═════ SUPPLIED DATA ═════

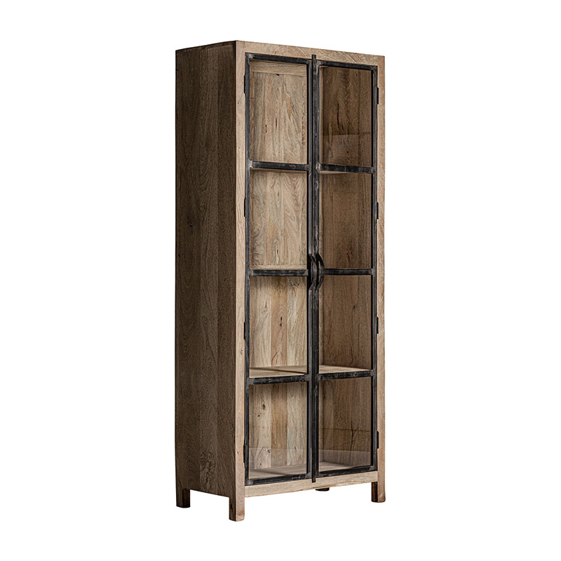 Vitrina weyer de estilo colonial fabricado en madera de mango en color marrón combinado con hierro y vidrio.
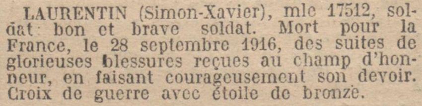 Décédé le 28 Septembre 1916 à l'Hôpital Rollin VE 22 à Paris. Syncope cardiaque au cours d'anesthésie suites des blessure de guerre par éclat d'obus reçue le 6 Septembre 1916.
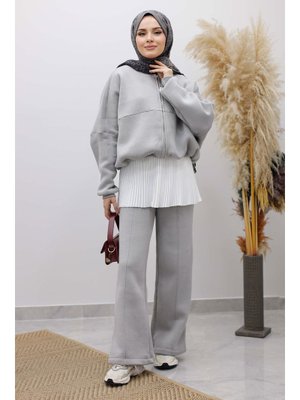 Tesettür Dünyası Gri Fermuarlı Şardonlu Eşofman Takım

═════

### WHAT THE EXERCISE ASKS
From the line that contains "Décédé le 28" to the end of the material above, output every line exactly, both ends included, but leave out any pictures.

### FINISHED TASK
 Décédé le 28 Septembre 1916 à l'Hôpital Rollin VE 22 à Paris. Syncope cardiaque au cours d'anesthésie suites des blessure de guerre par éclat d'obus reçue le 6 Septembre 1916.
 Tesettür Dünyası Gri Fermuarlı Şardonlu Eşofman Takım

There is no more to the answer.